A number between 0 and 1,000,000 and k that is smaller than the first number is given. When k amount of digit is removed, return the highest possible number.

My Attemps for Solution

No.1) Using Combination

On first thought, I wasn’t aware of how big the number could be, and came up with the idea to find all possiblities and to compare these to find the maximum value.

function solution(number, k) {
    let numbers = number.split('');
    let n = numbers.length;
    let indexArray = []]
    for(let i = 0; i < n; i++) {
        indexArray.push(i)
    };

    let max = 0;
    
    const combination = (array, target, n, r, count) => {
        if(r == 0) {
            let temp = numbers.slice();
            for(let i = 0, m = k; i < k; i++){
                temp.splice(target[i] - i, 1)
            }
            let current = temp.join('');
            max = (current > max) ? current : max
        } else if(n == 0 || n < r) return;
        else {
            combination(array, Object.assign([], target), n - 1, r, count + 1);
            target.push(array[count]);
            combination(array, Object.assign([], target), n - 1, r - 1, count + 1);
        }
    }
    
    combination(indexArray, [], n, k, 0)
    
    return max;
}

It worked well with the test cases, the longest of which was only 10 digits long. When submitted, it only worked with a few cases, and the rest was either timed out or returned Runtime Error. Through this experience, I learned that if recursion happens to many times, it causes runtime error.
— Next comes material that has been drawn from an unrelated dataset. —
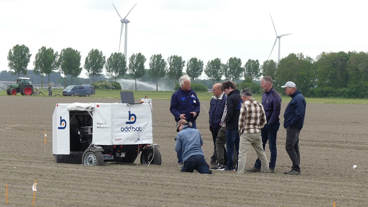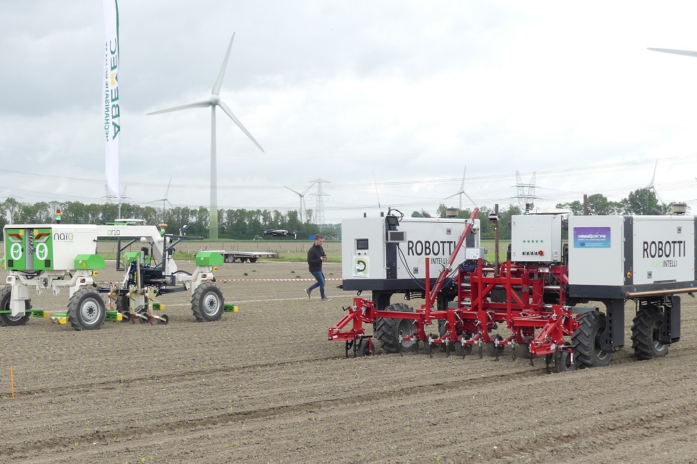 Tijdens de Future Farming & Food Experience was in het veld een uitgebreid programma futuristische werktuigen actief, van prototypes tot machines met al de nodige ervaring. En van dopaangestuurde spuitmachines tot geavanceerde schoffelmachines. Van deze laatste demonstreerde Abemec twee varianten, de Franse Naio is een elektrisch aangedreven autonoom werkende werktuigendrager, in dit geval een schoffelmachine die volledig zelfstandig zijn rondjes reed. Hij schoffelde op gps-rtk van nul tot twee centimeter nauwkeurig met cameragestuurde schoffels. Met zijn vier accu’s kan hij acht uren werken, maar als optie zijn twee extra accu’s leverbaar zodat hij tien uren kan vol maken. De Deense Robotti 150 D is een dieselaangedreven voertuig van 75 pk met een hef van een trekker en daardoor ook geschikt voor grotere werktuigen. Deze werkt evenals de Naio op gps met camera-gestuurde schoffels.

No.2) Slicing the Number String

While struggling I came across a few discoveries, one of which was that the numbers that needs to be removed are those that are smaller than the follwing number. Using Loop, whenever the above case was encountered, the loop breaks, while creating a new number using slice to slice all the numbers before and after the removed number. However, this code still wasn’t efficient enough for certain cases.

No.3) Using Index and String Concatenation

With the help of the Q&A section, I came across a totally different approach, which is getting the largest value digit by digit. This is put in another word, a totally reversed approach.

The Logic

When selecting the largest number for each digit, what matters the most is leaving the minimum amount of numbers as it is, and selecting the largest from the rest of the numbers. Starting from the very beginning of the number we want to create, we select the largest number from the number set to take the place. However, this value cannot be in the index, where when this is selected, the numbers behind it does not suffice to fill the neccessary digits. Therefore, when one tries to create a 6 digit number from a originally 10 digit number, the first digit needs to be selected from the first five numbers. This is than done the same for all the digits.

Code

function solution(number, k) {
    let answer = '';
    let digits = number.length - k;
    let target = 0;

    let src_start = 0;
    let src_end =  number.length - digits + 1;

    while(answer.length != digits) {
        target = 0;

        for (let i = src_start; i < src_end; i++) {
            if (number[i] == 9) {
                target = 9;
                src_start = i + 1
                break;
            }
            if(number[i] > target){
                target = number[i];
                src_start = i + 1;
            }
        }

        answer += target;
        src_end++;
    }

Explanation

In order to restrict the source of numbers, from which to select from, I used the start and end variables. Until the answer string is long as the desired digits, the loop is repeated. In this loop, from the restricted pool, an maximum number is selected. If the indicator encounters 9, which is the largest number possible, the loop stops (Optimization). When the largest number is selected, the starting index for the source pool is assigned as index of the number plus one. The end index is pushed one, since a digit is selected, and therefore one less digit is needed.